That's So Gloss!
- Website type: Online magazine
- Available in: English
- Owner: Young Folks Media
- Website: www.thatssogloss.com
- Commercial: Yes
- Registration: Optional
- Launched: 2012
- Current status: Not active (2015)
- Content license: Copyright

= That's So Gloss =

Indian women's magazine

That's So Gloss (stylized as That's So Gloss!) was an online magazine and community targeted at young women in India. Founded in 2012, it came into prominence for being India’s first web magazine for teenage girls and young women - a pioneer in digital publishing in India highlighting the potential of the digital medium for publishing in developing countries. As of 2012, it was the only Indian magazine, print or online, for this segment.

==Background==
The magazine was founded by Sharanya Haridas, an undergraduate at the Indian Institute of Technology Madras. In November 2011, it was entered at the X-Biz Business Plan Competition sponsored by the Emerson Electric Company and conducted by the Indian Institute of Management Ahmedabad with the idea for “Gloss”. It was initially conceived as webzine exclusively for a teen demographic. The idea was a finalist and winner of over 60 teams worldwide.

==Business overview==
That's So Gloss! test-launched in the first half of 2012 with emerging bloggers as well as established writers such as Durjoy Datta and Rohini Rai.
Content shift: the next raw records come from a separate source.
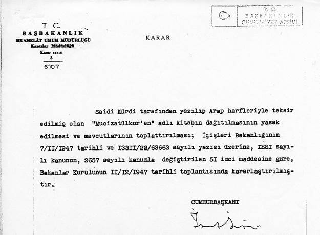Cumhuriyet arşivleri, özellikle tek parti ve darbe dönemlerinde Bakan, Başbakan ve Cumhurbaşkanlarının dini eserleri yasaklama, toplatma ve imha etme karalarıyla doludur” dedi.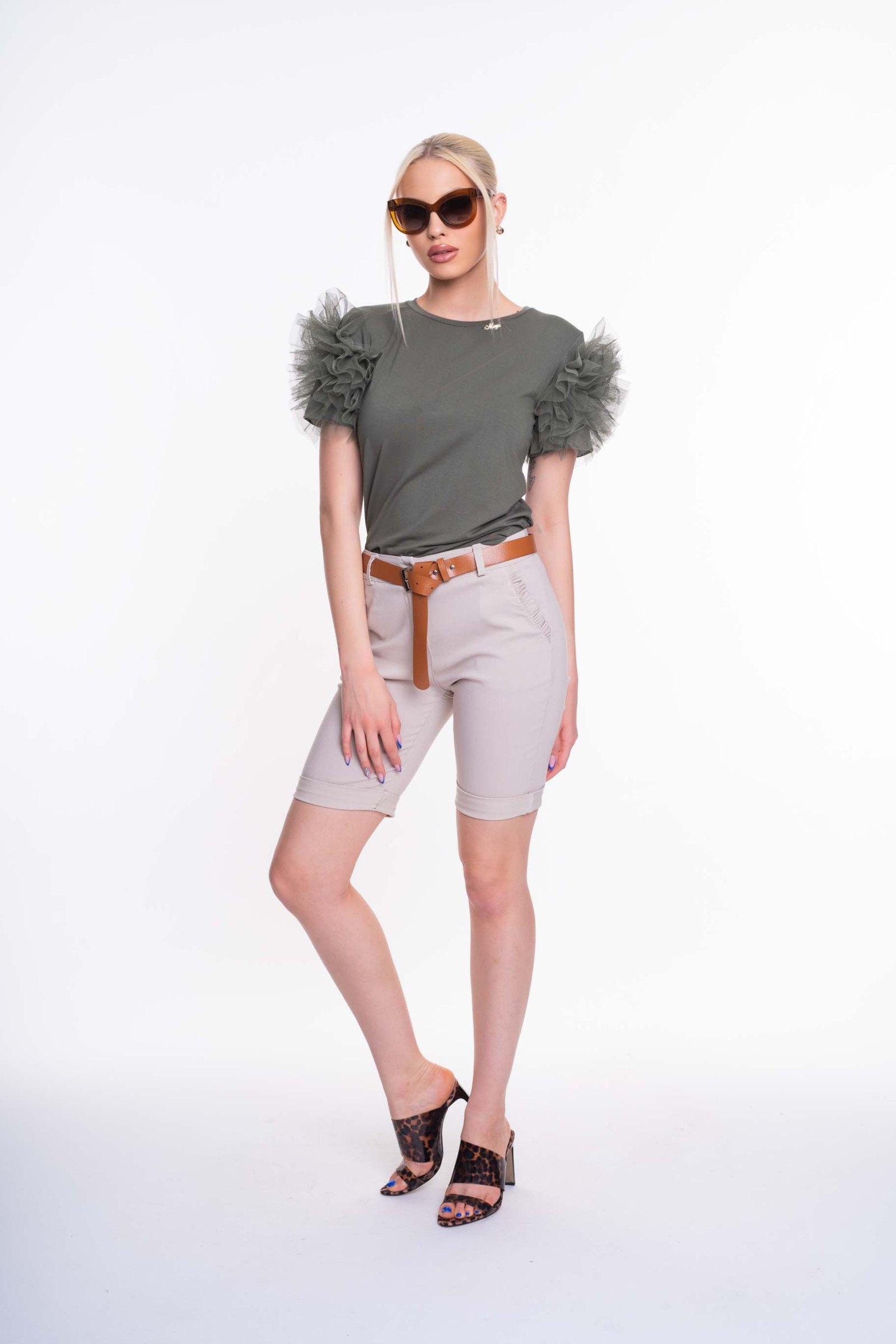 Elasztikus anyagból készült póló ujján tüll díszitéssel, kis fém márkajelzéssel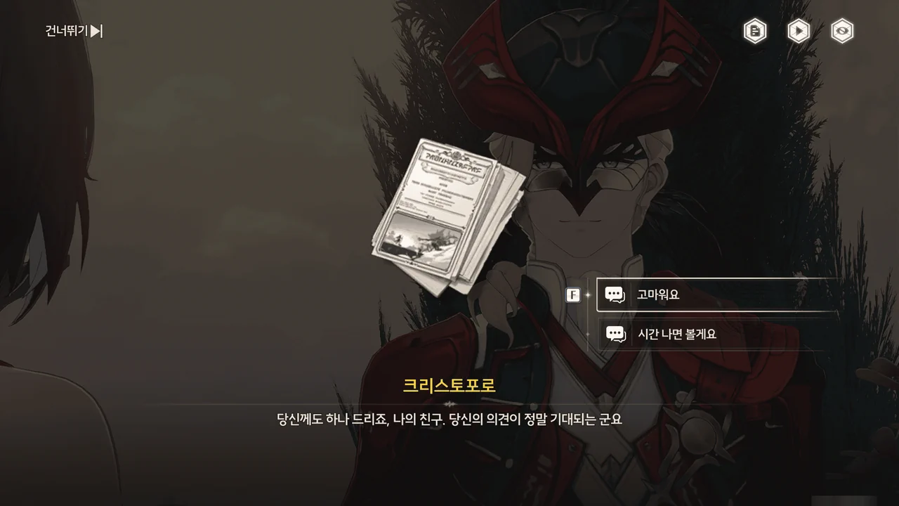 크리스토포로가 시나리오 대본을 주긴 했는데, 지금 당장은 볼 생각이 없다.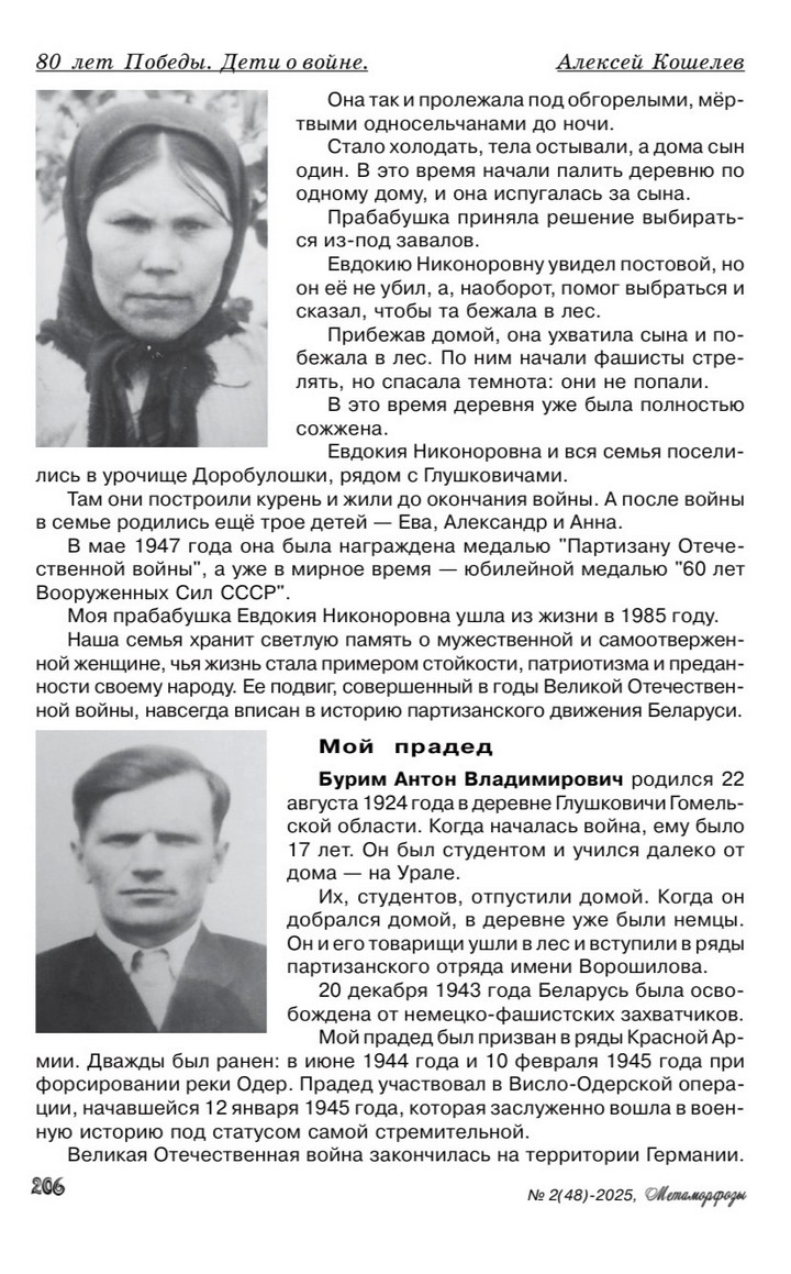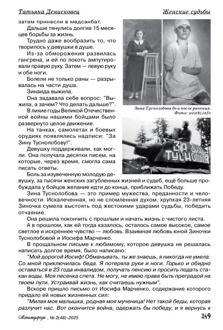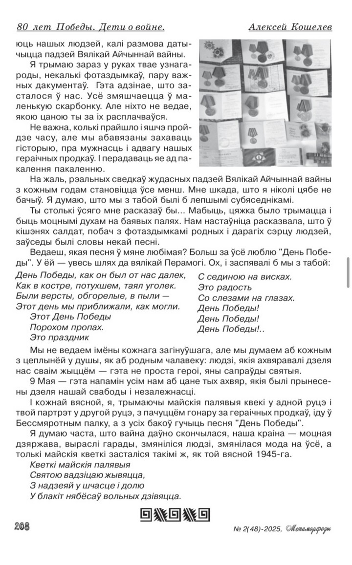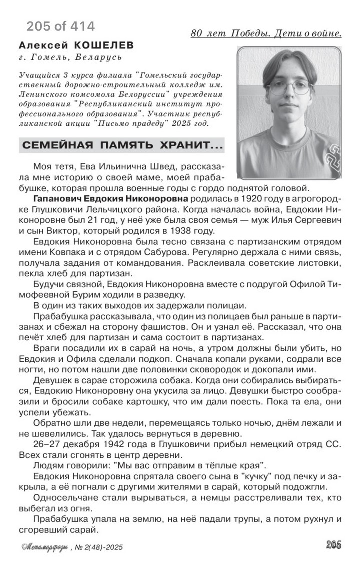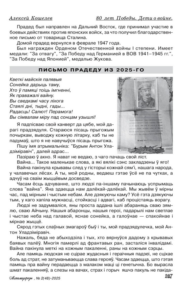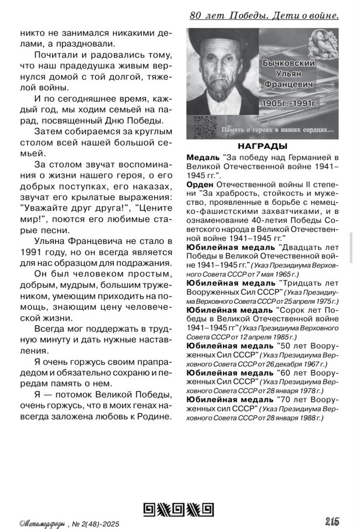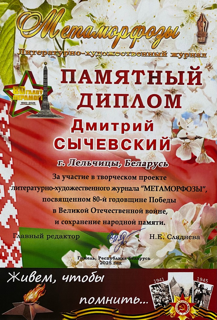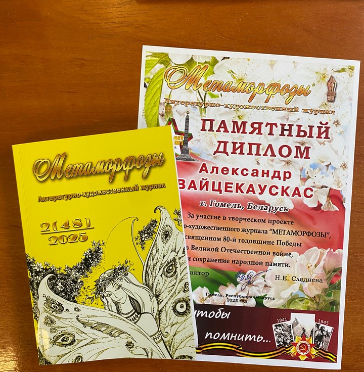 Этот вечер стал настоящим праздником творчества, где переплелись поэзия, музыка и живопись. Номер журнала «Метаморфозы» посвящен ВОВ, а именно тем людям, которые подарили нам Победу, а вместе с ней и будущее. Всем авторам номера были вручены памятные дипломы.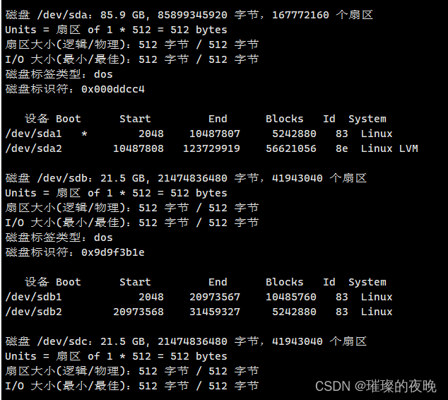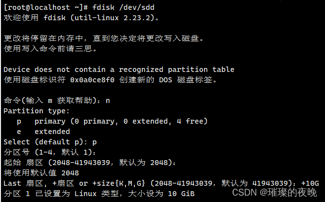 fdisk 支持最大的存储卷 2.2TB ,最多分4个主分区或3个主分区、1个扩展分区,在扩展分区里再分多个逻辑分区

In April 2012, it was announced that it would be incubated in Toronto as part of the Ryerson University's Ryerson Digital Media Zone International Fellowship program. The decision to launch in Toronto was said to be taken keeping in mind the greater freedom awarded and resources available to youth-led start-ups in Canada as compared to India.

==Public Relations==
That’s So Gloss! functioned as a PR platform for companies both in India and internationally seeking to connect with the teen and college going segment.

Since its initial launch, That’s So Gloss! was featured in and various mainstream and independent media both in India, and internationally, for being a pioneer in digital publishing, including The Times of India, Entrepreneur, Financial Post (Canada), CBC Metro Mornings, RCI, The Hindu, Hindustan Times, Techvibes, TechCircle, TechAloo and Kochi Vibe.